■ Activity
Without the pictures, write the listing out again exactly as it appears.

■ Supplied records
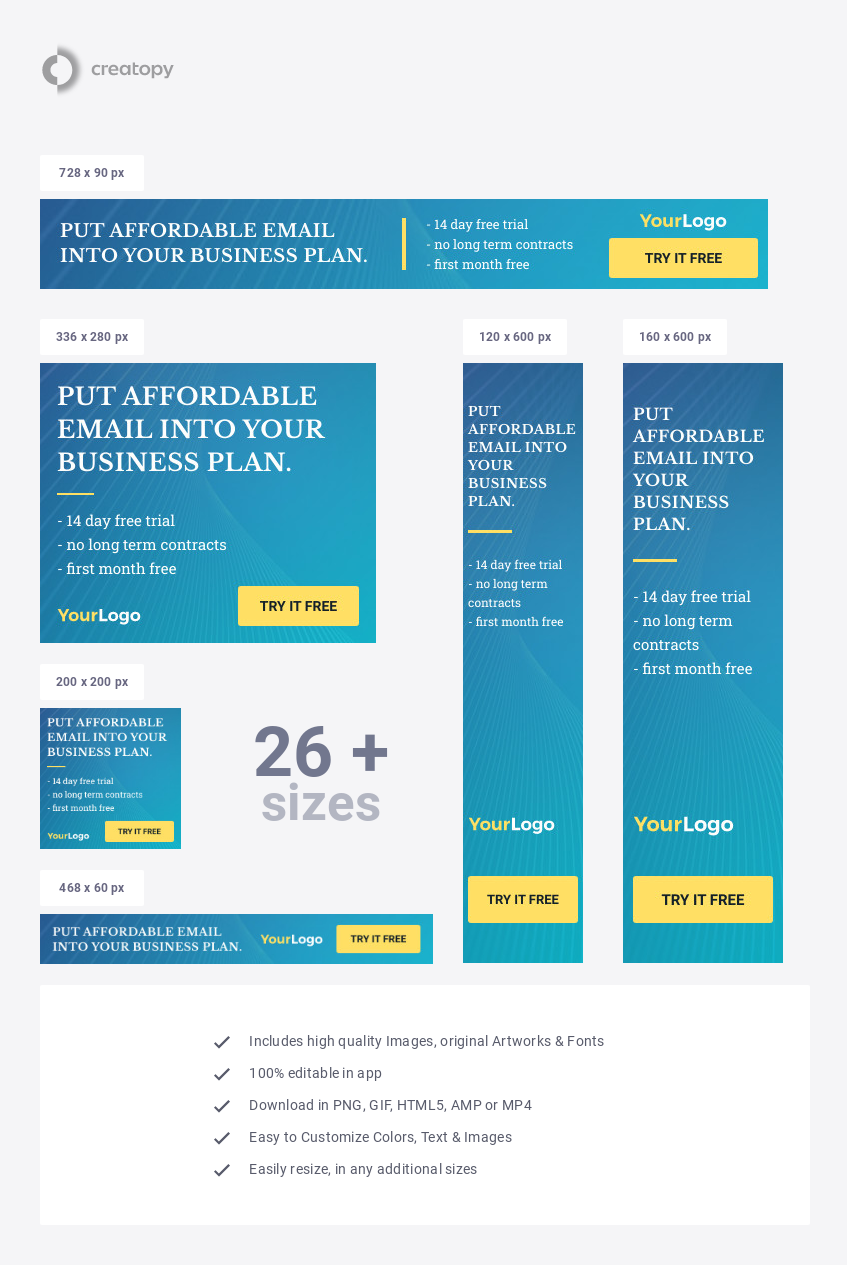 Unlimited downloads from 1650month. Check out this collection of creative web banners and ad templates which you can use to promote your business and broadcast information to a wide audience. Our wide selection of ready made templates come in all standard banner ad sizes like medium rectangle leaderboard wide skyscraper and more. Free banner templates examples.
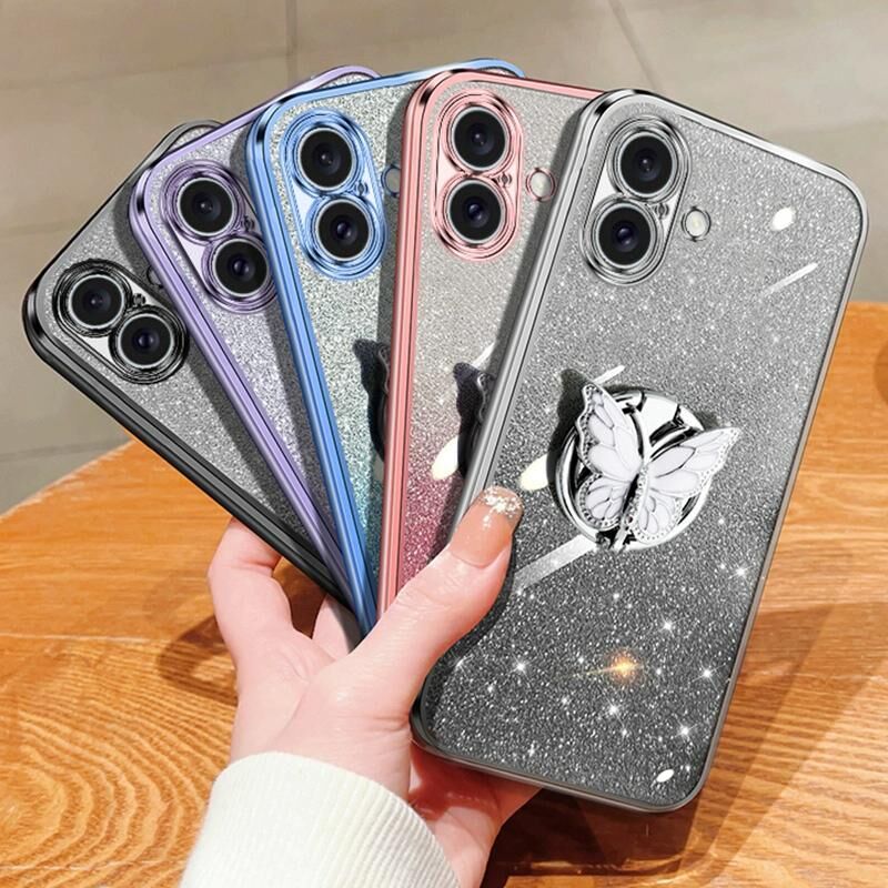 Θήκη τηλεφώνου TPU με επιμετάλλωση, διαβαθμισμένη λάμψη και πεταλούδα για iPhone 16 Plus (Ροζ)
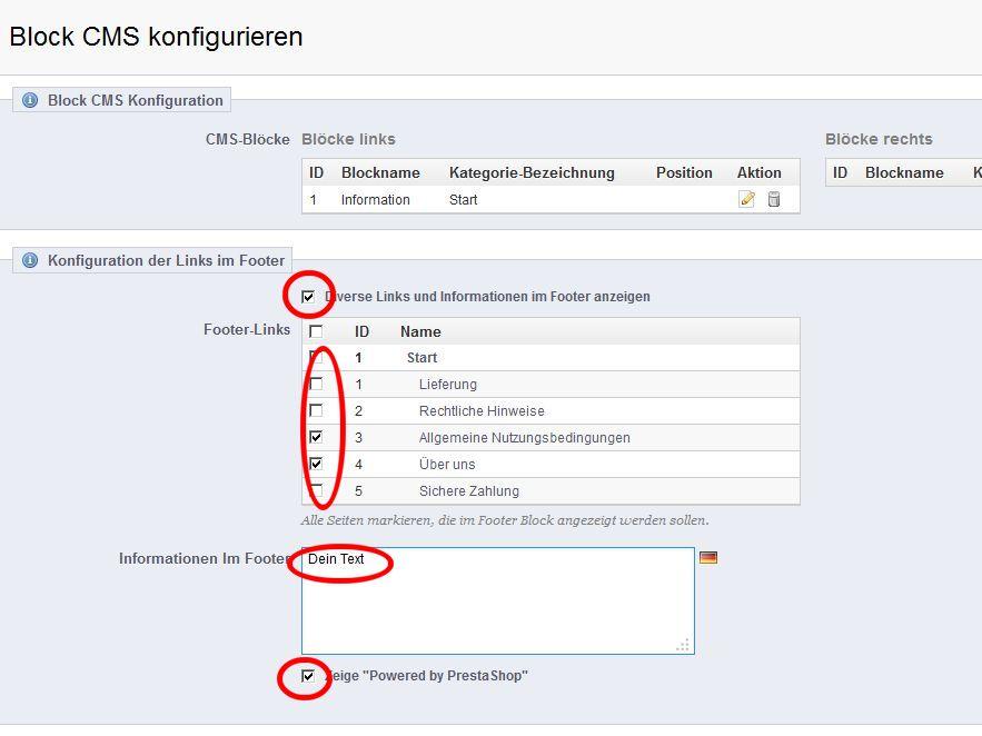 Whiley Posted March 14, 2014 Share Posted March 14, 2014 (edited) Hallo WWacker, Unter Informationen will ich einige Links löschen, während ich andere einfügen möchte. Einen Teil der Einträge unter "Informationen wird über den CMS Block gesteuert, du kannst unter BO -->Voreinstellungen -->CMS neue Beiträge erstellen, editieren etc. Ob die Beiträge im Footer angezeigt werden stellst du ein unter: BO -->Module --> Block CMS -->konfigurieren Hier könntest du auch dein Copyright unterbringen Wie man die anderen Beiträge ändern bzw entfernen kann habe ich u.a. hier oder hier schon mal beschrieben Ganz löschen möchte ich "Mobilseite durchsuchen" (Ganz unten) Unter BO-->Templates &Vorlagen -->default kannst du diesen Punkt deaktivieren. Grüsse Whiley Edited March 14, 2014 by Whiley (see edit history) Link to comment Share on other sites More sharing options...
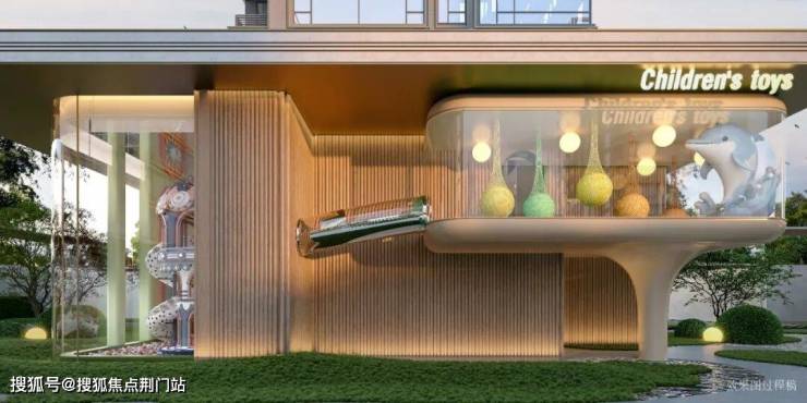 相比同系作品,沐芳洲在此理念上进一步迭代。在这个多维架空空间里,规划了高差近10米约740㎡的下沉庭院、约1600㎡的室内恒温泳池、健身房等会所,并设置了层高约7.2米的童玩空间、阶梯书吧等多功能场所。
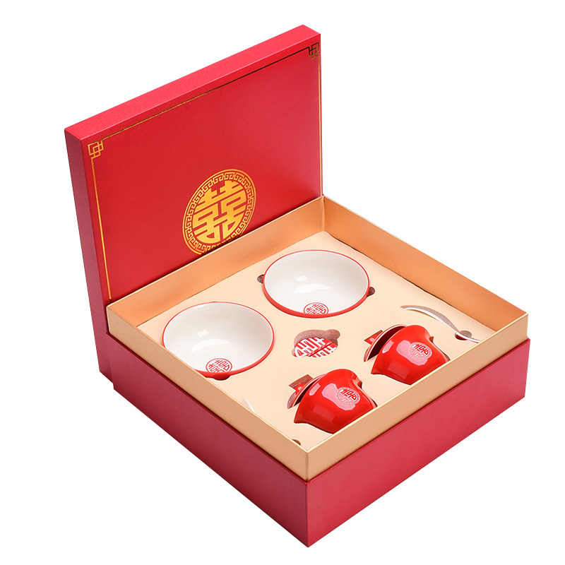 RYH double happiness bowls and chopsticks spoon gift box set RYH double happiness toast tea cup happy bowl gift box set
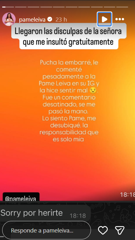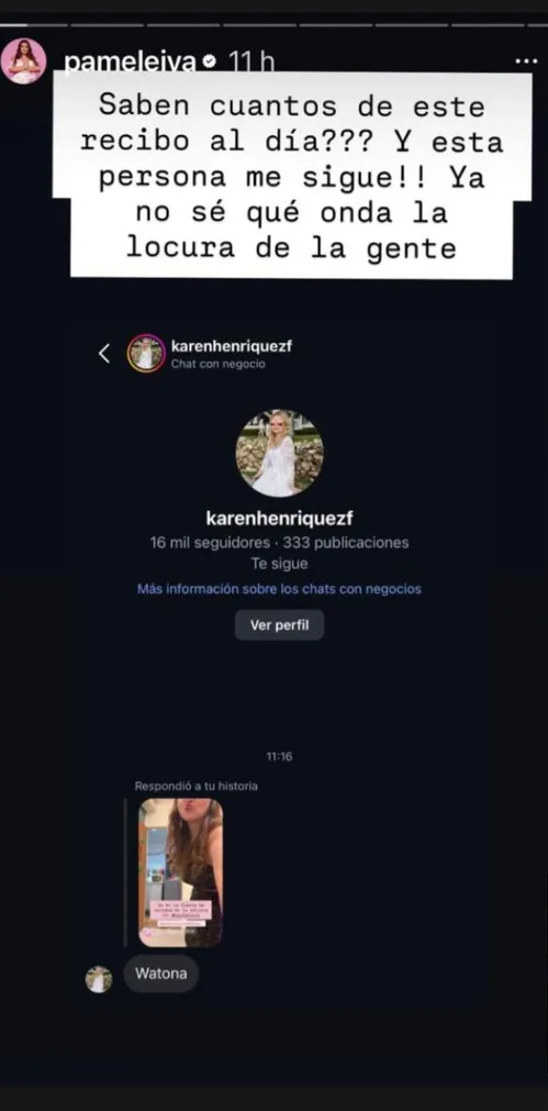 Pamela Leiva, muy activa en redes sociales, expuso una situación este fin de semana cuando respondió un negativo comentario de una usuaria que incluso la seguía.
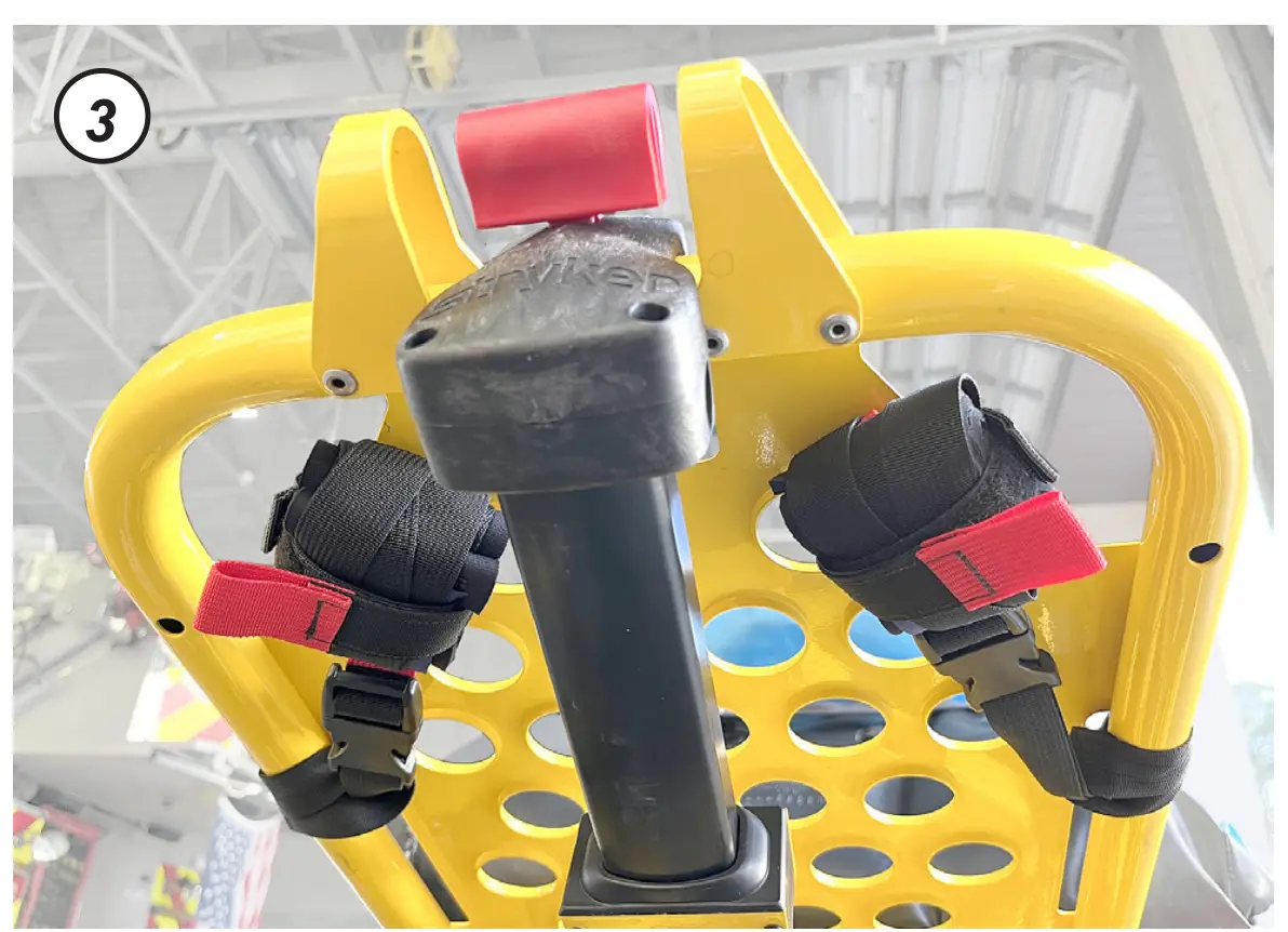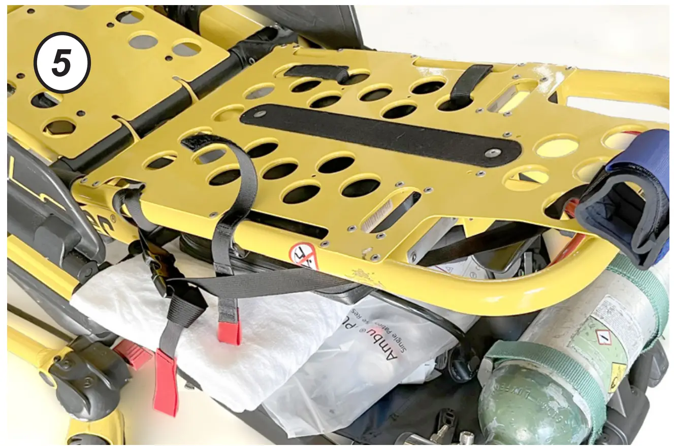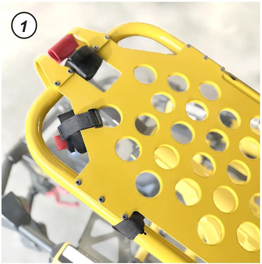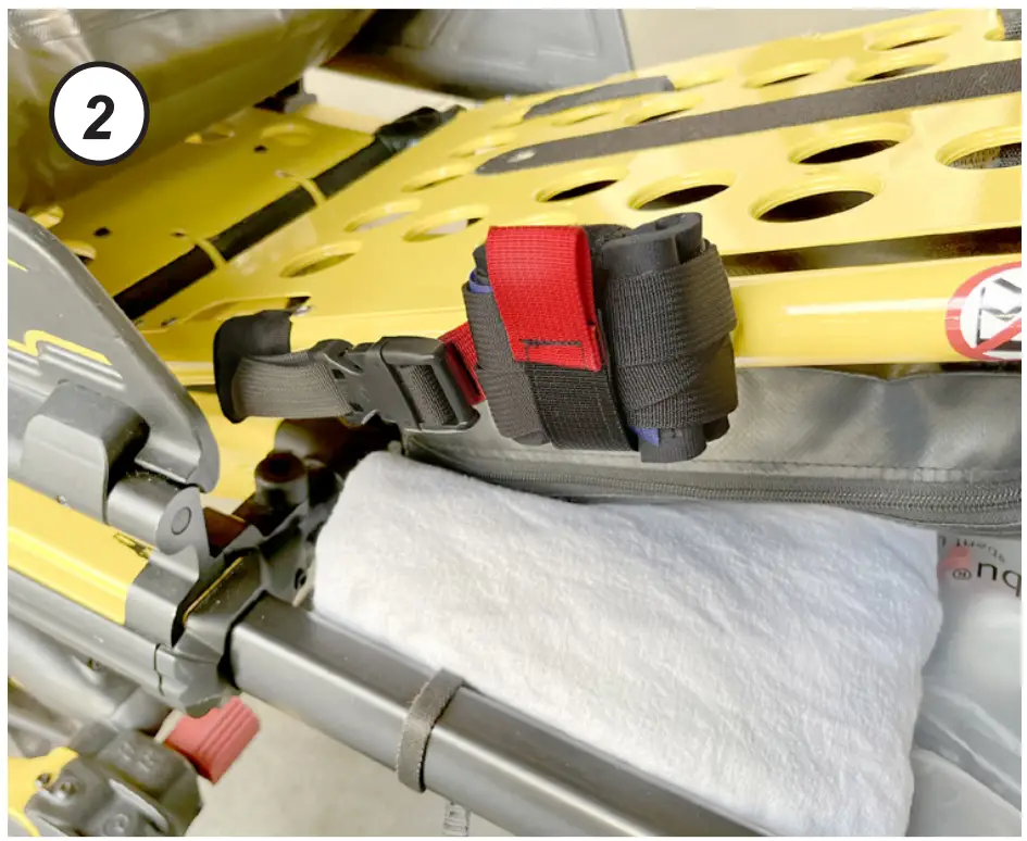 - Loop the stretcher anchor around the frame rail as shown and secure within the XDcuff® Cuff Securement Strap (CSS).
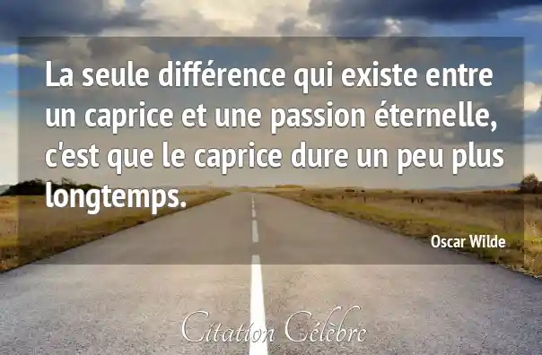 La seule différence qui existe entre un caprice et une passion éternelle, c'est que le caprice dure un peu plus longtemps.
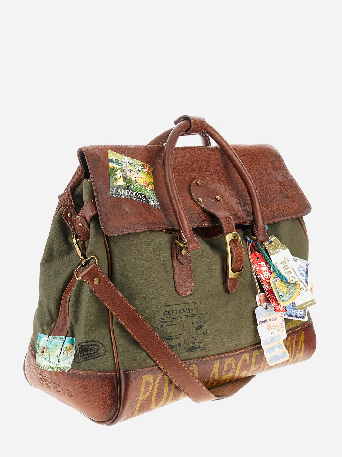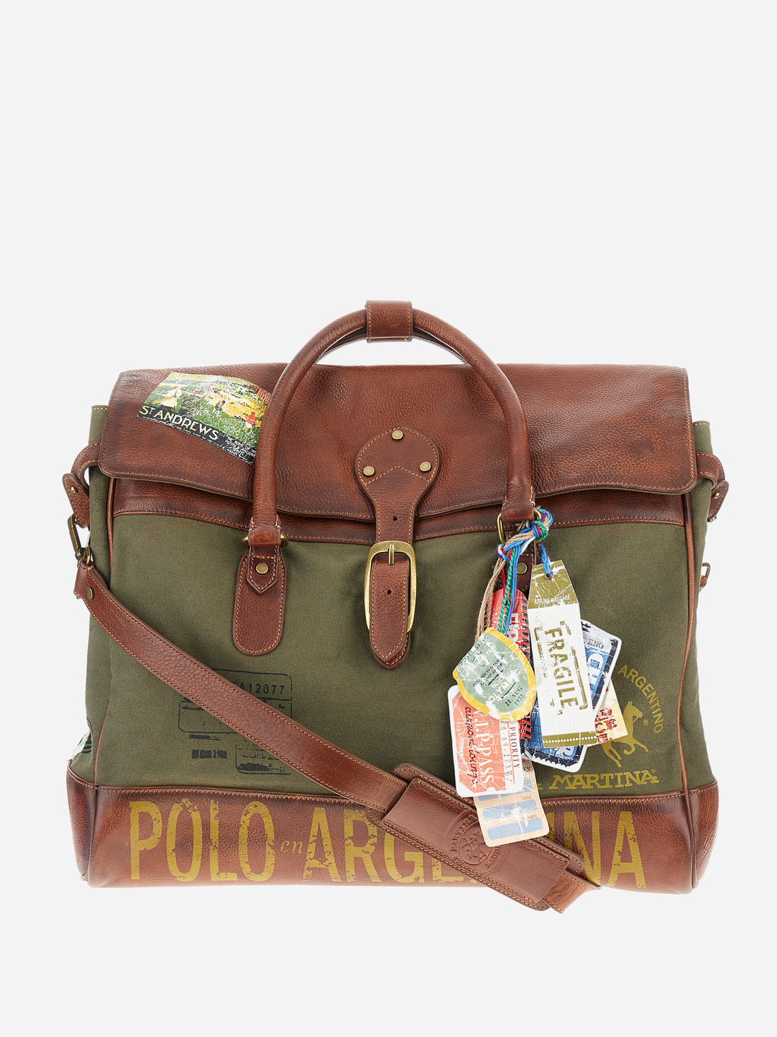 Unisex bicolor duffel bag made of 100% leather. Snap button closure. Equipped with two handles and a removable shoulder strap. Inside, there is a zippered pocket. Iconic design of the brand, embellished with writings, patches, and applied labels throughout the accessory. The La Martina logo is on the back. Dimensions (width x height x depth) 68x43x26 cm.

■ Solved problem
 Unlimited downloads from 1650month. Check out this collection of creative web banners and ad templates which you can use to promote your business and broadcast information to a wide audience. Our wide selection of ready made templates come in all standard banner ad sizes like medium rectangle leaderboard wide skyscraper and more. Free banner templates examples.
 Θήκη τηλεφώνου TPU με επιμετάλλωση, διαβαθμισμένη λάμψη και πεταλούδα για iPhone 16 Plus (Ροζ)
 Whiley Posted March 14, 2014 Share Posted March 14, 2014 (edited) Hallo WWacker, Unter Informationen will ich einige Links löschen, während ich andere einfügen möchte. Einen Teil der Einträge unter "Informationen wird über den CMS Block gesteuert, du kannst unter BO -->Voreinstellungen -->CMS neue Beiträge erstellen, editieren etc. Ob die Beiträge im Footer angezeigt werden stellst du ein unter: BO -->Module --> Block CMS -->konfigurieren Hier könntest du auch dein Copyright unterbringen Wie man die anderen Beiträge ändern bzw entfernen kann habe ich u.a. hier oder hier schon mal beschrieben Ganz löschen möchte ich "Mobilseite durchsuchen" (Ganz unten) Unter BO-->Templates &Vorlagen -->default kannst du diesen Punkt deaktivieren. Grüsse Whiley Edited March 14, 2014 by Whiley (see edit history) Link to comment Share on other sites More sharing options...
 相比同系作品,沐芳洲在此理念上进一步迭代。在这个多维架空空间里,规划了高差近10米约740㎡的下沉庭院、约1600㎡的室内恒温泳池、健身房等会所,并设置了层高约7.2米的童玩空间、阶梯书吧等多功能场所。
 RYH double happiness bowls and chopsticks spoon gift box set RYH double happiness toast tea cup happy bowl gift box set
 Pamela Leiva, muy activa en redes sociales, expuso una situación este fin de semana cuando respondió un negativo comentario de una usuaria que incluso la seguía.
 - Loop the stretcher anchor around the frame rail as shown and secure within the XDcuff® Cuff Securement Strap (CSS).
 La seule différence qui existe entre un caprice et une passion éternelle, c'est que le caprice dure un peu plus longtemps.
 Unisex bicolor duffel bag made of 100% leather. Snap button closure. Equipped with two handles and a removable shoulder strap. Inside, there is a zippered pocket. Iconic design of the brand, embellished with writings, patches, and applied labels throughout the accessory. The La Martina logo is on the back. Dimensions (width x height x depth) 68x43x26 cm.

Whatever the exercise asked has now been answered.